Figure 4. Increased regulatory cytokine production in cell culture supernatant of ARE PBMCs stimulated with mouse allergens.

(A) IL-10 responses elicited by HiMO in supernatant of a 24-hour stimulation assay in PRE (gray) and ARE (red) PBMC samples (n = 8). Six of eight subjects had increased IL-10 production in ARE samples. (B) TGF-β1 responses elicited by HiMO in supernatant of a 24-hour stimulation assay in PRE (gray) and ARE (red) PBMC samples (n = 8). Six of eight subjects had increased TGF-β1 production in ARE samples. Statistical analysis was performed by Wilcoxon’s test (2-tailed).

Figure 5. Increased plasma levels of mouse-specific IgG4 observed in the longitudinal study.

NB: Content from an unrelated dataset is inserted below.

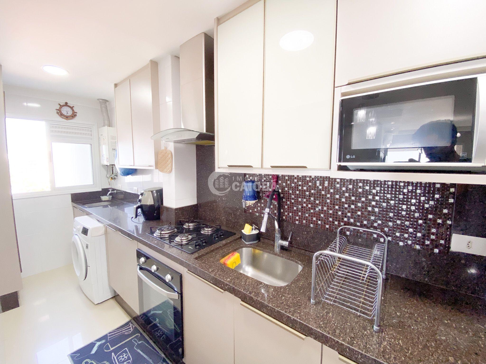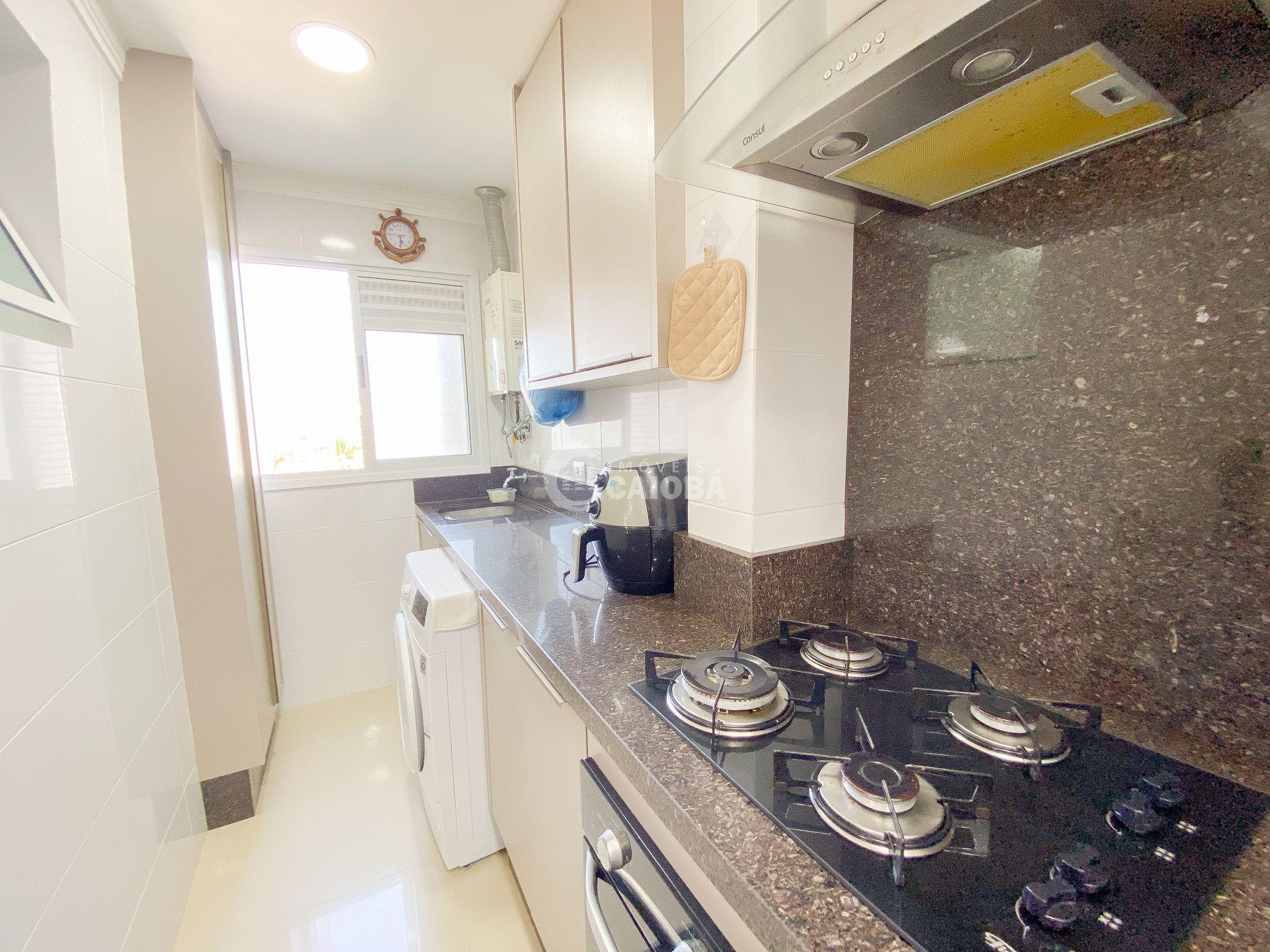 São 3 quartos, Sala, Cozinha, Sala de Jantar, WC Social, Lavanderia, Sacada com Churrasqueira com VISTA PARA A PRAIA E ORLA DE CAIOBA.

Plasma levels of mouse-specific IgG4 in laboratory animal-care workers enrolled in the longitudinal study at 3 different visits: PRB, PRE, and ARE (n = 36, 11 subjects did not have plasma samples saved at the PRB visit). Data are plotted as mean ± SEM. Statistical analysis was performed by mixed-effects analysis with Tukey’s test corrected for multiple comparisons.